The prevalence of blood-sucking insects during the summer and the beginning of autumn, when high temperatures and humidity still remain, indicates that these insects spend more time in the environment. Once horn flies locate a herd, they remain on them and rarely leave it. However, the ability of flies to migrate between animals when animals are grouped is a real sanitation problem in BLV infection by blood-sucking insects (Kobayashi et al., 2014). To evaluate the BLV transmission by horn flies under naturally infected (three animals with AL) and uninfected cattle from the experimental infection assay together with the BLV-positive donor cow were kept in the same paddock.
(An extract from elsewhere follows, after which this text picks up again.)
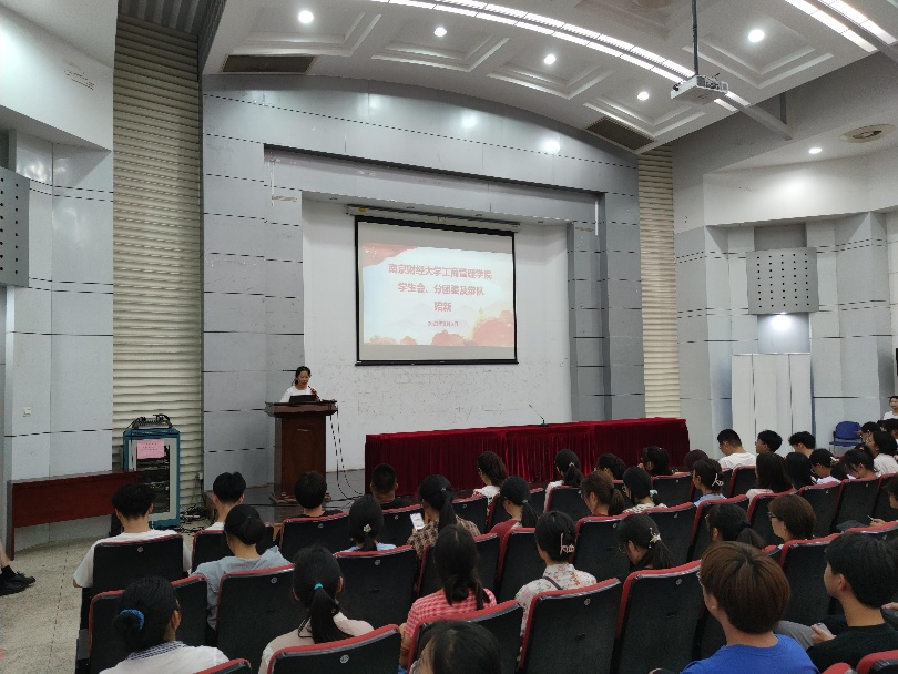 分团委及学生会各部门负责人、学院辩论队负责人依次上台进行招新宣讲。各部门负责人分别从部门简介、负责人介绍、工作规划、团建活动等几个方面展开宣讲,他们朝气蓬勃,自信大方、热情真诚的发言赢得了现场新生的热烈掌声。

More than 200 flies were counted in each animal every 20 d, which implies an important number of insects as potential BLV vectors. However, the result obtained after 120 d did not evidence the presence of provirus or BLV antibodies by nested PCR and AGID, respectively, in the breeds used in this assay. Probably, the differences in fly blood intake may be partially explained by the variations in skin blood flow and/or epidermal thickness (Breijo et al., 2014), as well as by the hair density and sebaceous secretions (Pruett et al., 2003) in each breed.

Some previous studies have considered that blood-sucking insects are a low risk factor to BLV transmission (Sprecher et al., 1991; Hopkins and DiGiacomo, 1997). However, the factors mentioned above also seem to play a role in the transmission of BLV among cattle. Unlike the BLV-positive donor cow, which presented PL, the three infected animals presented AL. As established by Baldachino et al. (2013) in stable flies, the number of flies, the proportion of infected animals, the PL condition, and the level of proviral load could also be important factors to consider.

The results of the present study confirmed the presence of the provirus in horn flies by sequencing, and the BLV transmission, at least experimentally, with pools of only five mouthparts flies that had been fed with blood from a BLV-positive cow in natural behavior conditions. However, the role of horn flies as vectors of BLV under a natural grazing system remains to be confirmed.


Acknowledgments

We thank Mr. Claudio Leguizamón, Mr. Eduardo Bereta and Mr. Fabian Mosquera for the technical assistance.

Conflict of interest

The authors declare that there is no conflict of interest.